Бреданс, конечно, встретит как обычно — приветливо и с холодком (набивает себе цену?). Она всегда встречает так, будто он заглянул к ней по случаю.

Чтоб он ей верил или, напротив, не слишком верил? После Александрины он не верит никому из женщин. Так что — зря старается.

— Что, месье Рамо заходил? — спросит он небрежно, увидев чью-то шляпу на вешалке.

— Шляпу оставил? Он всегда забывает. Когда нету дождя!.. — Но тотчас съязвит: — У вас, русских, верно, часто жены изменяют?.. Стоит кому-то зайти в гости…

— Не бойся! Я не ревную.

Он рассмеется как бы легко.

— Потом поедем в Булонский лес? — спросит она по обыкновению.

Она любит эти прогулки с ним в экипаже в Булонский лес — после пылких объятий, которые он про себя зовет лишь «плотскими утехами»… Есть возможность хвалиться им перед подружками, которые там гуляют во множестве. А Монго прельщает мысль быть знаком красоты Бреданс.

II

Воспоминания суть некая обреченность сознания. Мы обречены вспоминать…

Сцена, что открылась его взору, была чисто театральной.

5 сентября 1836 года они с Лермонтовым стояли на Елагином острове, у дворца, где шел традиционный Храмовый бал ее величества Кавалергардского полка (шефом полка значилась сама императрица Александра Федоровна). Бал проводился каждый год в этот день и всегда собирал много народу. Они сами только что вышли из дворца и углубились в деревья за дорогой, по которой ко дворцу, одна за другой, подъезжали кареты, разбирая гостей бала. Бал кончался. Хотя музыка еще вылетала из дверей — и с ней отдающий крепкими французскими духами запах грез… Вид двух корнетов лейб-гвардии Гусарского, молча стоящих в тени за дорогой, не был чем-то необычным.

— Может, поедем? — спрашивал Алексей.

— Нет. Ты торопишься?

— Но, может, он отбыл уже?..

— Нет. Я ж сказал тебе — я видел его карету.

Если Миша был не в духе, не стоило перечить ему.

— Ты уверен, что это — его карета?..

— Ты вправду не торопишься?

— Я ж сказал.

Они как бы теснили друг друга словами. Была такая манера.

Лермонтов был мал ростом, коренаст, угрюм и явно недоволен собой.

— Нас обещал Соллогуб представить друг другу, — пояснил он с неохотой. Ты точно не торопишься?

— Я ж сказал — не тороплюсь.

— Как хочешь!.. Его жена, говорят, впервые в свете после родов.

— Всё правильно! Только не впервые! — откликнулся Столыпин.

— Правда? Поезжай!

— Я ж сказал тебе: никуда не тороплюсь!

Они считались кузенами, хотя было сложное родство: он приходился Михаилу двоюродным дядей, — вечная путаница с родственниками. Но он был на два года моложе Лермонтова, и тот держался как старший.

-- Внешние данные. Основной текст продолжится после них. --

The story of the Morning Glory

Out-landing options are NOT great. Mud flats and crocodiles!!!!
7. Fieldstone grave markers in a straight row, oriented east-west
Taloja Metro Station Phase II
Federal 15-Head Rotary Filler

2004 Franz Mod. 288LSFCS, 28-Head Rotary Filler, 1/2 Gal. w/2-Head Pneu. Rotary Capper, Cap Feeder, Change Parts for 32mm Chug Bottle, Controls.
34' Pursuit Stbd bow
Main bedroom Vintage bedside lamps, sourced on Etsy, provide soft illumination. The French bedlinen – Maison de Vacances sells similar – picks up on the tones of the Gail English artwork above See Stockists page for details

Из полутьмы, накрывавшей постепенно Елагин остров, из дверей дворца вывалился еще один офицер. Спиной и продолжая раскланиваться с кем-то.

— Ой, а я вас потерял!

Это был Трубецкой Александр, кавалергард. Их общий приятель.

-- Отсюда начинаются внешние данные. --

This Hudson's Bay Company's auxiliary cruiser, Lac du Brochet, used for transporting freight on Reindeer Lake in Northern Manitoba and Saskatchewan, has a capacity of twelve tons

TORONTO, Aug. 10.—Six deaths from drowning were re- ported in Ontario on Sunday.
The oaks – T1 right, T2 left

— А-а, Бархат! — поздоровался Лермонтов мрачно. — А зачем ты нас искал?

— Э-эй! Ты не должен меня так называть! И вообще афишировать, что знаешь это прозвище! Не дай бог! — испугался Трубецкой.

— А я не афиширую!

Хотя это знали решительно все. Бархатом Трубецкого назвала сама императрица российская Александра Федоровна, в кружок развлечений которой он вписался не так давно, но занял в нем достойное место. И кличка удержалась. Бархат значит бархатные глаза. В самом деле — почти бархатные.

— Ты Соллогуба не встретил? — спросил Лермонтов.

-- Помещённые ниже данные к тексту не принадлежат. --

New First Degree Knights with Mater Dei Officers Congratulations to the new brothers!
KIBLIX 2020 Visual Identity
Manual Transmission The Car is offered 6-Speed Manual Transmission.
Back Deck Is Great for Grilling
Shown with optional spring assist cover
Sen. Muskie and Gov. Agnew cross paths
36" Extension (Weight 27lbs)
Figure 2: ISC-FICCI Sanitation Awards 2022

— Он там помешался на какой-то барышне. Не отрывается. По-моему, одна из Виельгорских. Жениться собрался, что ли?

— А-а… Это мы знаем! — сказал Лермонтов.

— Что ж! Бывает! — подхватил Столыпин.

— Но потом проходит! — заключил Лермонтов.

— А первую пару вечера вы уже видели? — осклабился Трубецкой.

— Какую? — спросил Столыпин.

— Пушкин с женой. Уморительное зрелище!

— Я не видел, — сказал Лермонтов, — мы быстро ушли.

— Старик страшно злится! — сказал Трубецкой.

— Это — старая новость! — бросил Столыпин, чтоб не длить разговор.

— Ладно! Вы тут застряли, похоже, а у меня дела! — Трубецкой заторопился уйти… Они смотрели ему вслед.

— Не дразни его. Его недавно отвергли!.. — сообщил Столыпин.

— Кто? — спросил Лермонтов без особого интереса.

— Маленькая Барятинская.

— А-а!.. Бедняга! А я думал, он уже женился на России.

— Нет, что ты! Наш государь — не Петр Третий и даже не Первый. При нем не повольничаешь. Они только катаются с императрицей в санях…

— И как?

— Ничего. Он придерживает ее за талию. Воздушные поцелуи разрешаются.